Expression of zinc-deficient human superoxide dismutase in Drosophila neurons produces a locomotor defect linked to mitochondrial dysfunction

Abstract

More than 130 different mutations in the Cu/Zn superoxide dismutase (SOD1) gene have been associated with amyotrophic lateral sclerosis but the mechanism of this toxicity remains controversial. To gain insight into the importance of the zinc site in the pathogenesis of SOD1 in vivo, we generated a Drosophila model with transgenic expression of a zinc-deficient human SOD1. Expression of zinc-deficient SOD1 in Drosophila resulted in a progressive movement defect with associated mitochondrial cristae vacuolization and reductions in adenosine triphosphate (ATP) levels.
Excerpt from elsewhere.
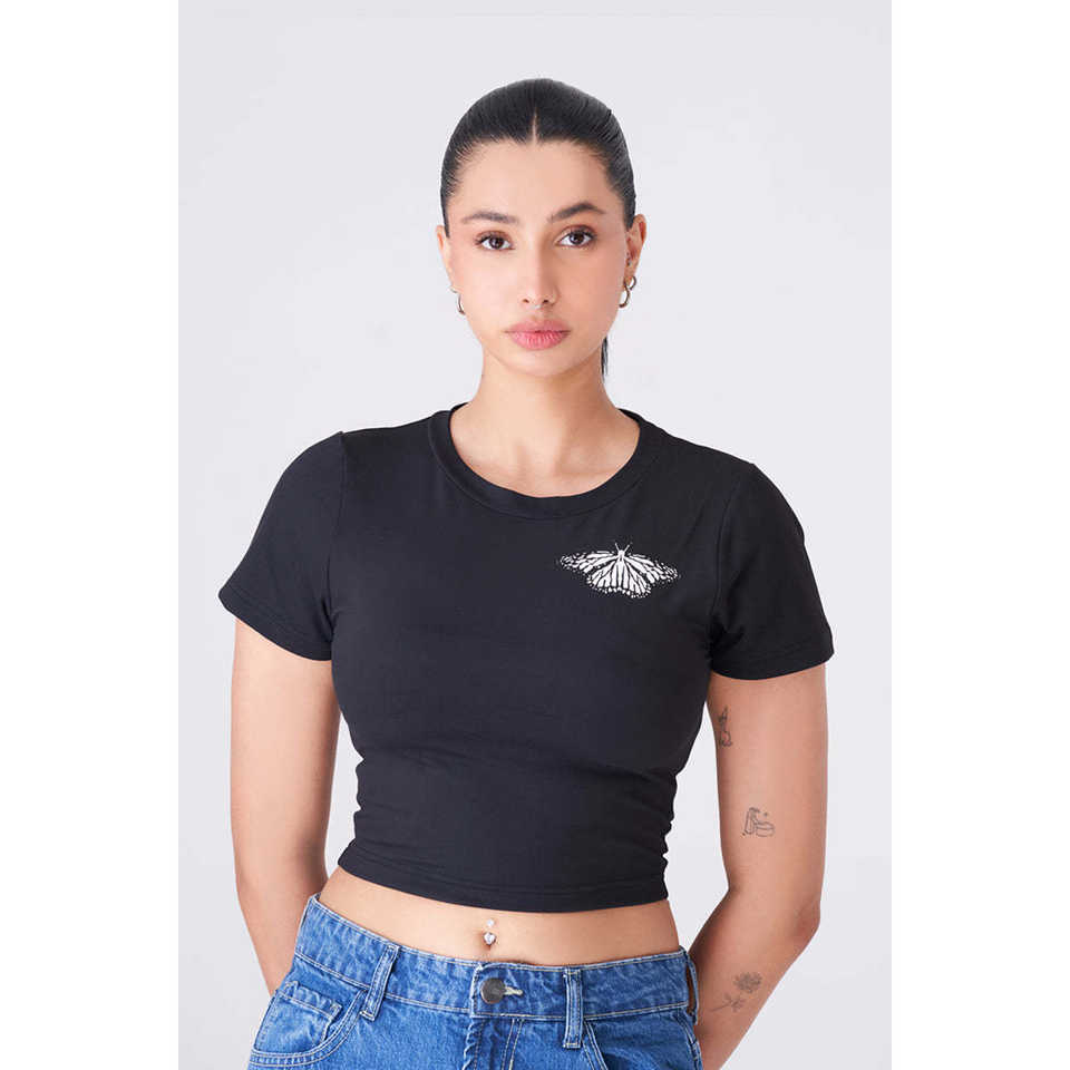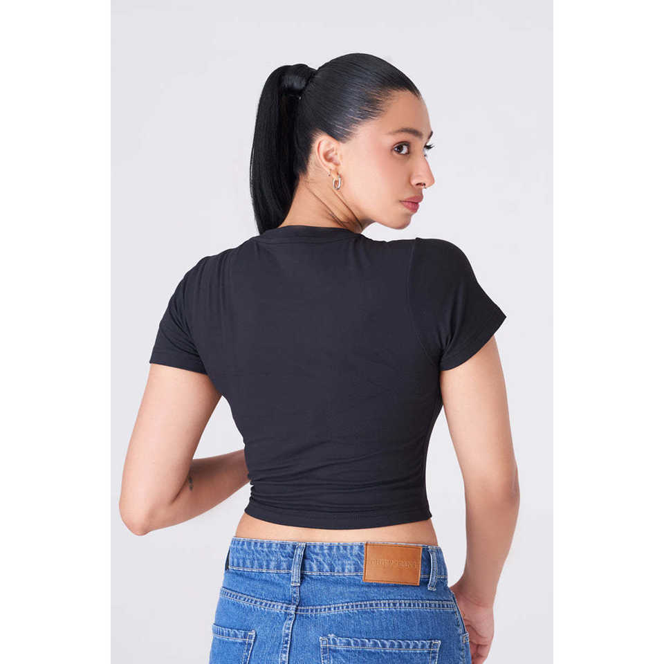 Crop top noir polyvalent et actif en polyester pour un style chic et confortable

Furthermore, these flies are sensitized to mitochondrial toxins, paraquat, and zinc. Importantly, we show that the zinc-deficient SOD1-induced motor defect can be ameliorated by supplementing the endogenous fly respiratory chain machinery with the single-subunit NADH-ubiquinone oxidoreductase from yeast (NADH is nicotinamide adenine dinucleotide, reduced form.). These results demonstrate that zinc-deficient SOD1 is neurotoxic in vivo and suggest that mitochondrial dysfunction plays a critical role in this toxicity. The robust behavioral, pathological, and biochemical phenotypes conferred by zinc-deficient SOD1 in Drosophila have general implications for the role of the zinc ion in familial and sporadic amyotrophic lateral sclerosis.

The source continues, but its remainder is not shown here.